- **PROBLEM TO WORK ON**
Exact reproduction required: the lines below from the line with "- Press the" to the line with "Price has completed", both ends included, and no others.

- **INFORMATION**
————————

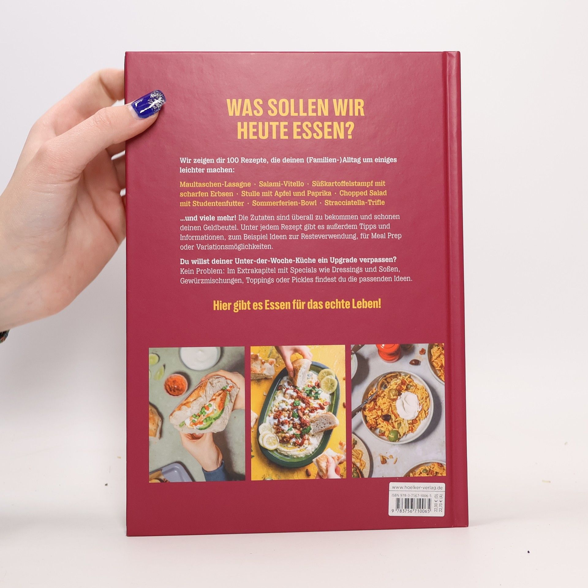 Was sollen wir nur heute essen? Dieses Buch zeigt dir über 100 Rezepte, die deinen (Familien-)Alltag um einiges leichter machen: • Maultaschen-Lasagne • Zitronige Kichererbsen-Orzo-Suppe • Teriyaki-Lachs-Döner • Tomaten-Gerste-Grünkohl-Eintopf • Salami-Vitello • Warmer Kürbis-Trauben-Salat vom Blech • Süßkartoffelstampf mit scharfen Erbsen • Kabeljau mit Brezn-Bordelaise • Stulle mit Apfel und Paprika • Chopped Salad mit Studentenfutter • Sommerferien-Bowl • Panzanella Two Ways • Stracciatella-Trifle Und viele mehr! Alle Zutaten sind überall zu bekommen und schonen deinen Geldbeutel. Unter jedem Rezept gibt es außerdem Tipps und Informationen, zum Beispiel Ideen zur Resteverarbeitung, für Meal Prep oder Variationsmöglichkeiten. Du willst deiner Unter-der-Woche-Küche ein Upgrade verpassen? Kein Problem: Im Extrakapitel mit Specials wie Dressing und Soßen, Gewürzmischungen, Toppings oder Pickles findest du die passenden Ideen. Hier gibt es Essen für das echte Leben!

————————

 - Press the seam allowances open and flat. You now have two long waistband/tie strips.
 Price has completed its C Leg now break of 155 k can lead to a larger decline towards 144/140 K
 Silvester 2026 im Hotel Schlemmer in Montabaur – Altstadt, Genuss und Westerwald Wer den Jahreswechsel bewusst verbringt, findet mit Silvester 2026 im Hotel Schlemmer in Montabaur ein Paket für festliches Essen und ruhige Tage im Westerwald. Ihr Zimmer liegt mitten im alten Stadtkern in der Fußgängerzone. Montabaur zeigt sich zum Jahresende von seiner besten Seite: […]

————————

- **EXERCISE OUTPUT**
 - Press the seam allowances open and flat. You now have two long waistband/tie strips.
 Price has completed its C Leg now break of 155 k can lead to a larger decline towards 144/140 K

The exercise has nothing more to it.